The transparent plastic in which I wrapped my wife had taken on a dull, almost frosted appearance. The misty film seemed to separate, the texture growing. It wasn’t until one wet, shivering drop slipped down the inside of the plastic that I remembered my high school science class. The human body is made up of at least 60% water.
Water. Edith! Oh my sweet darling wife! My stomach heaved and retched at a thought so vile but so necessary. My head was so dizzy now, blurring in and out of consciousness. The end was close. I could feel death’s cold grips waiting just outside of my periphery. With what took all of my strength, I reached my arm across the bunker floor where I lay and I touched, with one finger, the edge of the moist plastic sheeting. Clear and somehow cool water dripped instantly down my digit and made a small pool in my palm. I pulled it close. It looked like water. It’s just water. It’s just water.

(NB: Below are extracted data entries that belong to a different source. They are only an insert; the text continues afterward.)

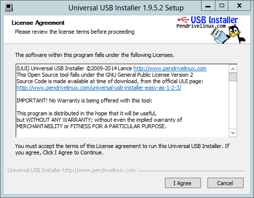 3. Open the Universal-USB-Installer and agree to the license ![]()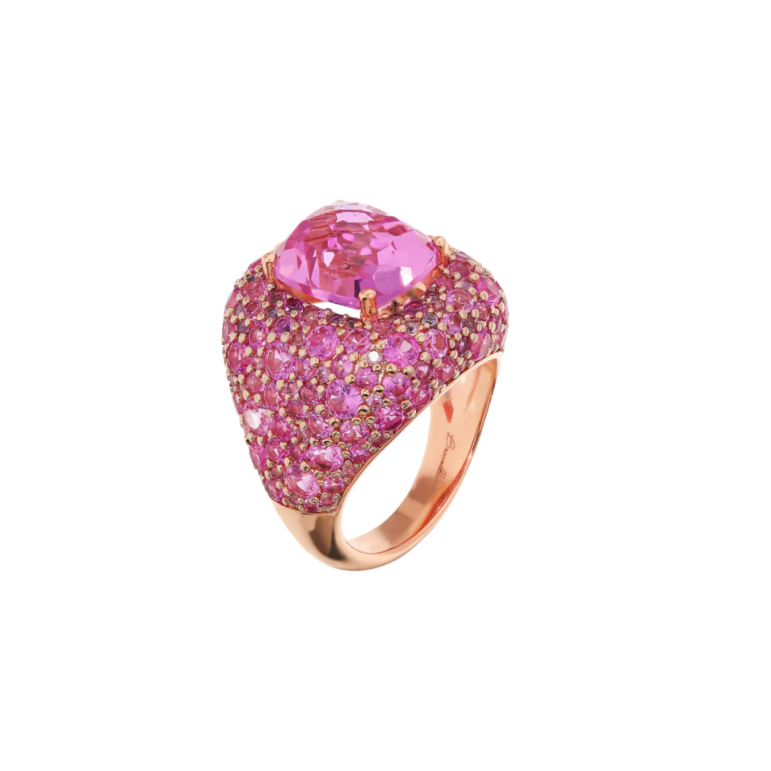 Anillo de caballero Bronzallure realizado en aleación Golden Rosé, bañado en oro rosa de 18kt, con diseño degradado con superficie pavé y piedra preciosa prismática central facetada (12x10 mm).
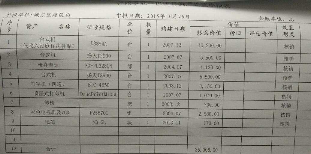 关于城东区财政局一批报废资产公开转让公告
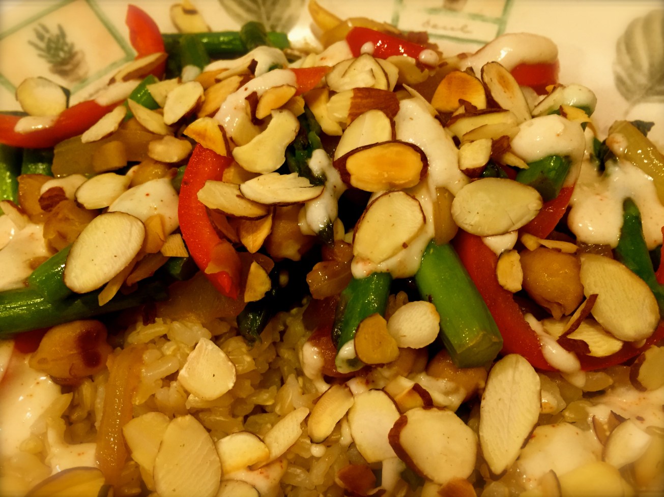 If you start some rice or quinoa ahead of time, this dinner comes together in under 20 minutes. Don’t skip the Tahini Sauce! When you taste the combination of the sauté, sauce and crunchy almonds, you’ll know why! It’s divine!

My stomach heaved and I tasted bile but nothing came out. My greedy tongue lapped at the water, which absorbed instantly into the dried tissues of my mouth. With a surge of energy, or maybe it was just the hot adrenaline of survival, I reached again for the plastic, for the water in its folds. My withered fingers splayed and grasped at this new life source. I could see with sudden clarity. My shriveled limbs felt reinflated with moisture and energy. To my sudden horror and brilliant dismay, my enthusiasm had prodded a hole in the thin plastic. My index and middle fingers plunged with a squelch into the swollen and decaying meat of my Edith. I withdrew, seeing the brown rot that now coated those fingers. I felt my mouth fall into sagging o of dismay while my stomach betrayed me, growling and gurgling, wanting more water—wanting more food. I started… licking my fingers. The juices were sour and I gagged at the rot. The last thing I remembered before passing out was reaching toward my Edith, hungry.
When I awoke, the emergency radio was emitting a long tone, followed by a robotic voice.

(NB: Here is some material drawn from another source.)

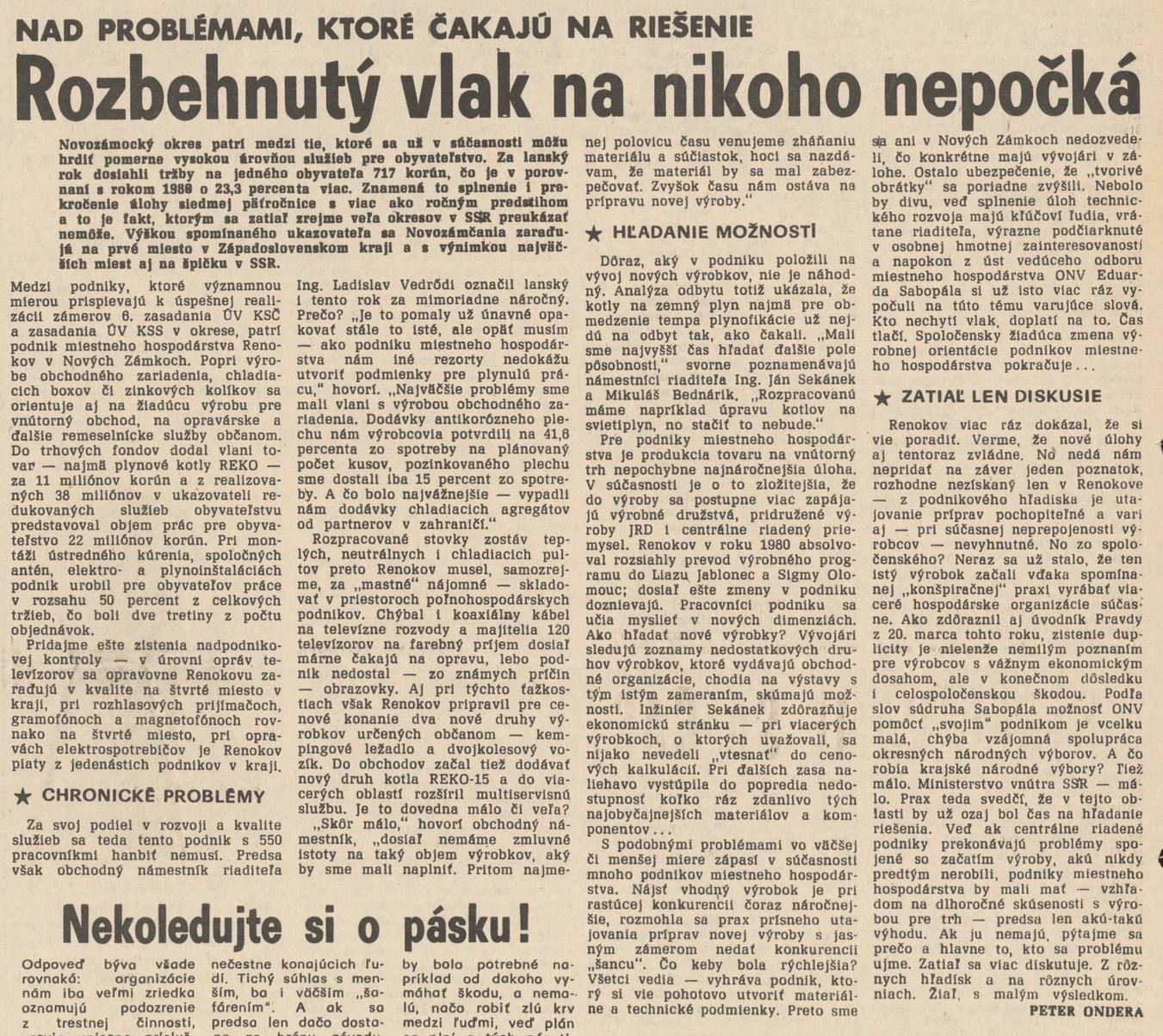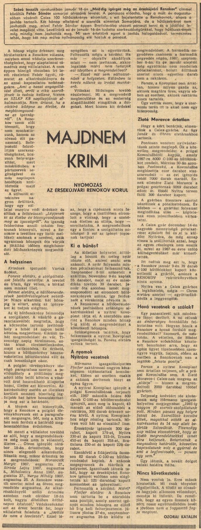 Új Szó: Majdnem krimi. Nyomozás az érsekújvári Renokov körül

“The National Alert Aggregation and Dissemination system is back online. This is a national emergency broadcast transmitted at the request of the Canadian Government. This is not a test. An attack with nuclear weapons was commenced on Canada on September 20th, 2017. Ten nuclear detonations were recorded across the country. Communications were severely disrupted. The number of casualties is not yet known but is assumed high. At this time, the risk of nuclear fallout has passed and it is safe to exit your shelters.”